▶ PROBLEM TO SOLVE:
Produce a word-for-word copy of the listing below without its pictures.

(Beginning of PROVIDED DATA)

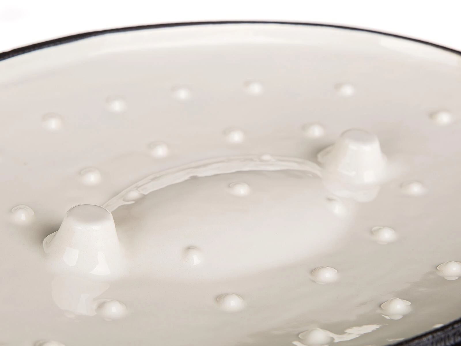 Wypustki po wewnętrznej stronie pokrywy rozprowadzają skroploną parę z powrotem do brytfanny. Danie pozostaje wilgotne i się nie przypala.
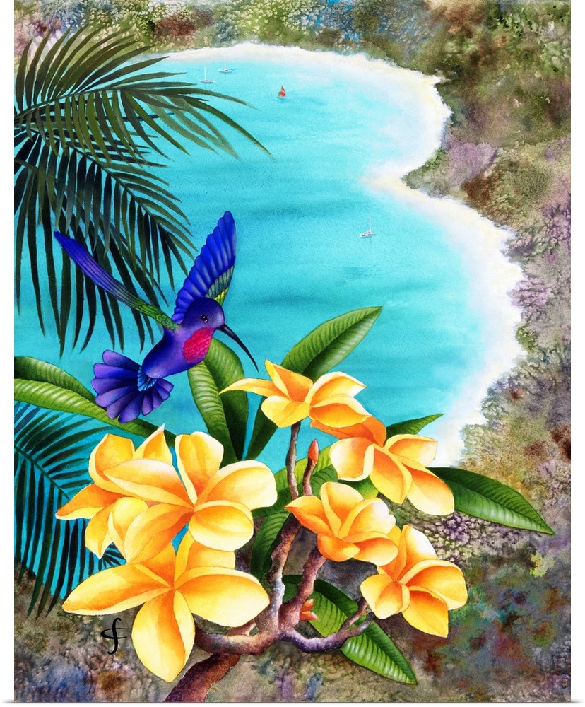 <p>Tropical themed artwork using bright vivid colors to depict the flowers and animals of the environment.</p>
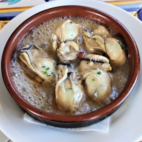 濃厚でクリーミーな広島産の牡蠣のアヒージョ。ぷりっぷりで濃厚な広島宮島産の牡蠣です。カキの旨味たっぷりのオリーブオイルソースは是非バケットとご一緒に。
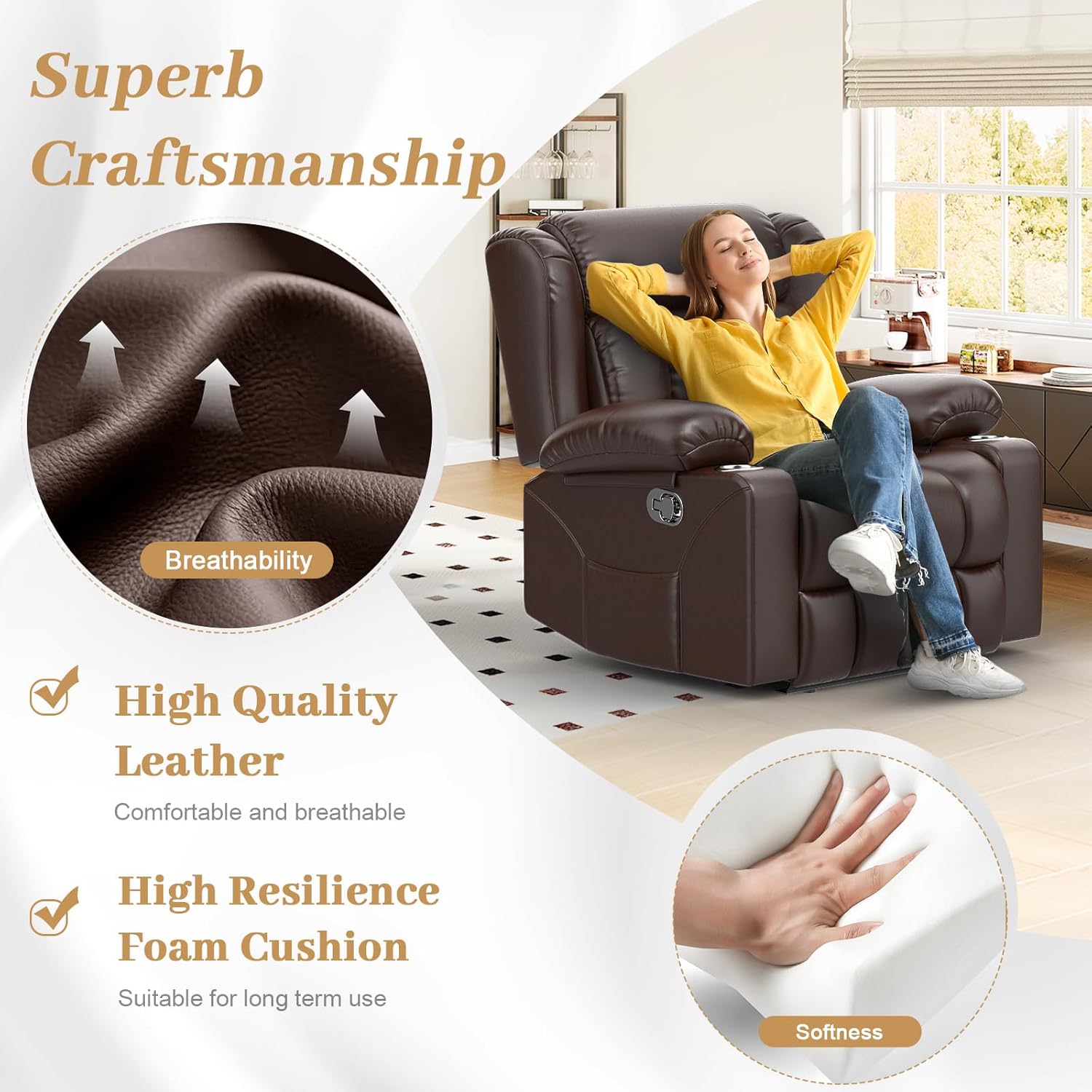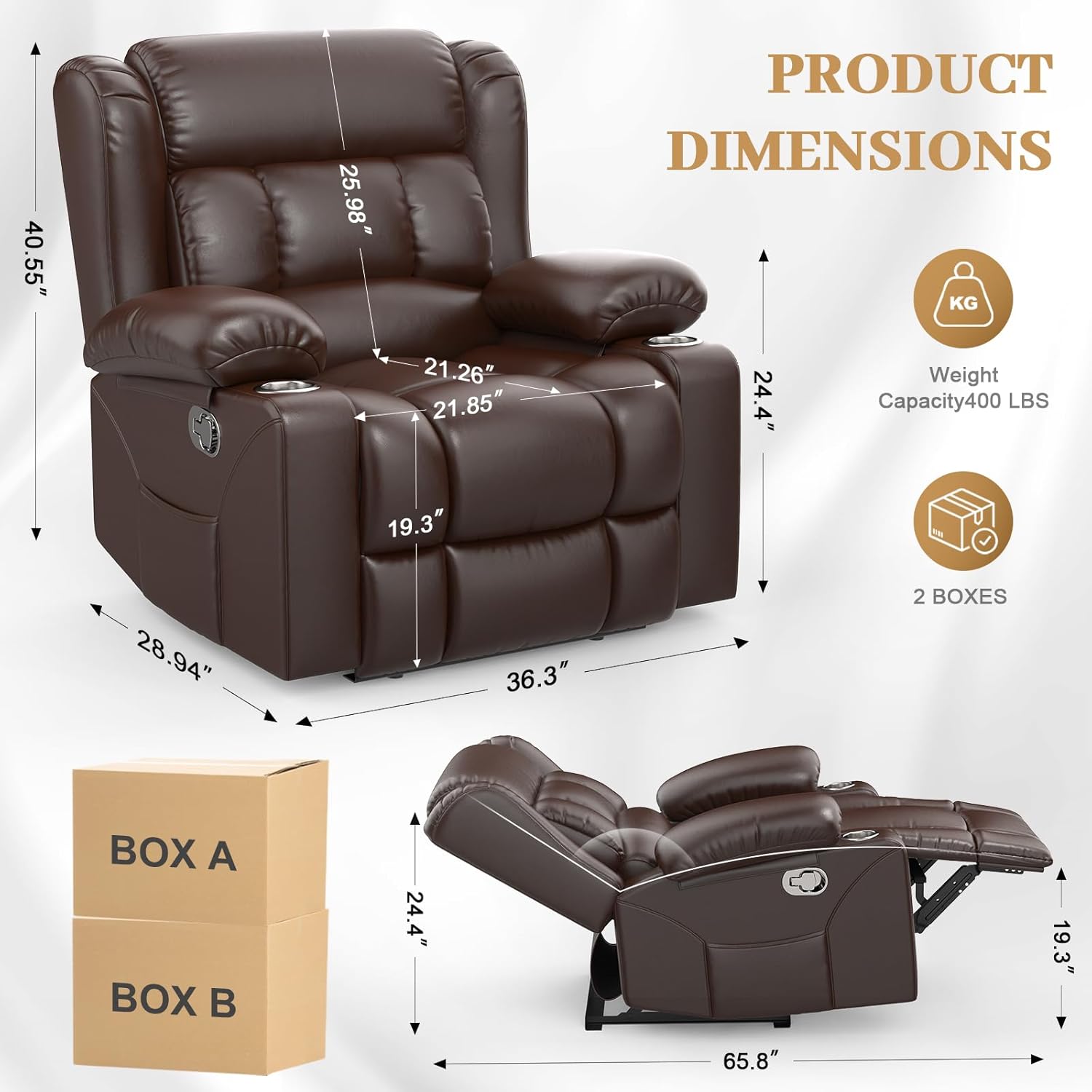 Recliner Chair for Adults, Oversized PU Leather Manual Pull Tab Reclining Chair with Cup Holders, Minimalist Style Single Sofa for Living Room, RV (Brown)

(End of PROVIDED DATA)

▶ ANSWER AREA:
 Wypustki po wewnętrznej stronie pokrywy rozprowadzają skroploną parę z powrotem do brytfanny. Danie pozostaje wilgotne i się nie przypala.
 <p>Tropical themed artwork using bright vivid colors to depict the flowers and animals of the environment.</p>
 濃厚でクリーミーな広島産の牡蠣のアヒージョ。ぷりっぷりで濃厚な広島宮島産の牡蠣です。カキの旨味たっぷりのオリーブオイルソースは是非バケットとご一緒に。
 Recliner Chair for Adults, Oversized PU Leather Manual Pull Tab Reclining Chair with Cup Holders, Minimalist Style Single Sofa for Living Room, RV (Brown)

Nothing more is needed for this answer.